Eventually it is possible to query the application and receive a relevant response to any data points available in the knowledge graph. So if we were to take a security example, and how we can achieve better AI-based security for our systems, we can find out if any of these machines have any public IPs or get a list of all the types of cloud resources we have in our stack (an inventory), which it will be able to aggregate based on the node labels –– which is essentially a list of all of the different object types we have in our graph.

A Word on Limitations & Good Practices for Optimal Results

When I first started playing around with this stack testing different AI models, it worked well until one of the queries was too large (meaning the prompt that includes the graph database schema exceeded the context window), and the library threw an error. It also happened to me with some other questions I threw to the engine and the resulting OpenCypher query was incorrect (syntax error). This brings up the question of which model should we use?

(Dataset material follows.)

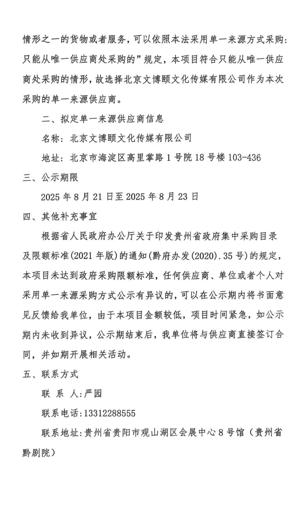 貴州省黔醅劇院委約北京文博頤文化傳媒有限公司法人代表白昱創作\編配《憶別離》、《滿庭芳》二首作品項目單一來源公告

There are several models, but not all work in the same way. In this example, we leveraged Bedrock and compared several models. Claude 3 delivered the best results for this example, as did GPT-4 from OpenAI. So if you want to get started and play around, these are the two recommended models.
Benchmarking and fine-tuning the AI models is a must as some will perform better than others based on your use case.

In the library itself, it’s possible to play around with a diversity of parameters, including the type of prompts sent to the engine, where a certain amount of fine-tuning will certainly impact the quality of the results.

In addition, the more you enrich the graph with data, the richer queries you’ll be able to get, and the more value you’ll receive from each query. By connecting the graph to third-party resources, you can receive additional business context. For example, being able to query an HR system about active employees, and see who still has access to different cloud resources.

AWS Neptune + Bedrock for Better AI Security

In this example, we demonstrated how with a simple AWS-based stack of Neptune and Bedrock, leveraging common OSS libraries like Langchain and Streamlit, it was possible to build a knowledge graph that simulates the same value as a digital thread in manufacturing. By consolidating disparate organizational data into a single graph database, we can then leverage the power of GenAI to query this data, receive accurate results based on this important organizational and system context, and all in human language to minimize the learning curve of acquiring a new syntax or analyzing complex raw JSON results.

The more we converge data, and are able to visualize the relationship between the different data sources, the more we can have a rapid understanding of issues when they arise - from breaches to outages. This has immense benefits for engineering, security, and operations alike, enabling us to have a richer context when it comes to the root cause with greater data and context-driven visibility into our systems.